Kurt nods. Noise and an enforced dress code. He’d lose his mind within a week.

“Or,” Blaine says, “you can confront him. Call him out. Force him to really think about what he’s doing.”

“I’m pretty sure he knows what he’s doing,” Kurt says. “I can’t imagine it’d be easy to do accidentally.”

“You have the opportunity to make him see that you’re a human being. All he sees right now is your sexuality, and an abstract idea is a lot easier to bully than a person.”

Blaine’s Noise is beginning to fill with numbers and calculations as he speaks, and Kurt listens, perplexed, before realising that he’s working out how long it would take to get to Lima. Is he...?

“Are you thinking about coming with me?” Kurt asks.

Blaine looks a little abashed. “Well, only if you want me to. I know you said you could take care of yourself, but, uh, if you want some support...”

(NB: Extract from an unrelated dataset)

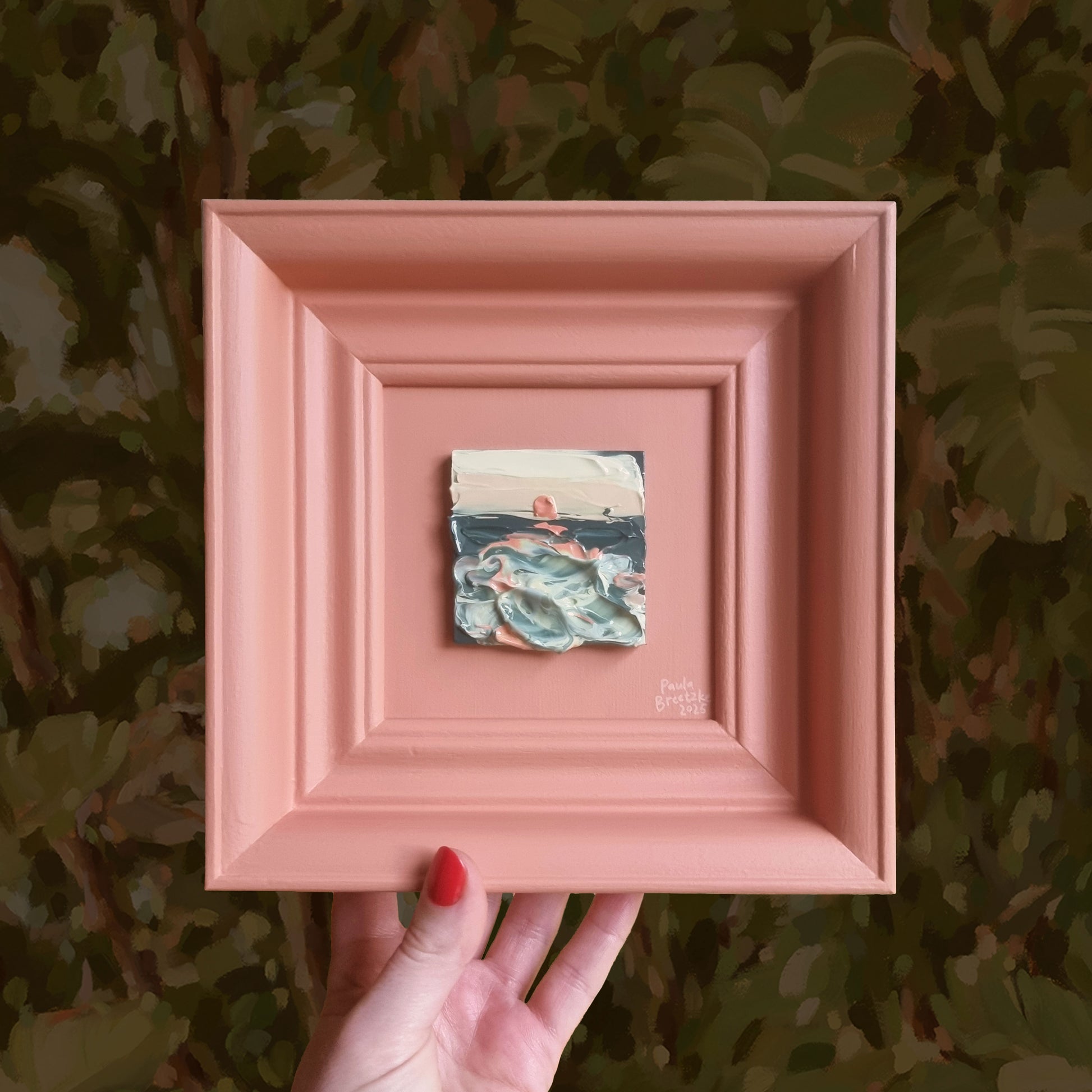 Painted upcycled wooden frame, 220 x 220mm

Kurt wouldn’t mind some support. He’s not sure he wants to say that. He needs to learn to face these things on his own; he can’t always carry a private-school boy around in his pocket for strength (even if Blaine might actually fit, he thinks, noticing for the first time that Blaine is shorter than him). But he doesn’t know how Karofsky might react to being called out, and it might be good to have someone around to... call an ambulance or something.

Blaine takes out a pocket watch and glances at it. “I’m guessing you won’t get back before the end of the school day, but maybe you could talk to him tomorrow,” he says. “Seriously, call me if you decide you want someone there.”

“I will,” Kurt says. “Thank you.”

“You’re welcome,” Blaine says, and then there’s a very awkward moment where Kurt hears Blaine considering whether to give him a hug and then hears Blaine _realising_ that Kurt will have heard him considering whether to give him a hug and then hears Blaine beginning to hum in his head, presumably to cover up any more awkward thoughts, while he offers Kurt an apologetic smile.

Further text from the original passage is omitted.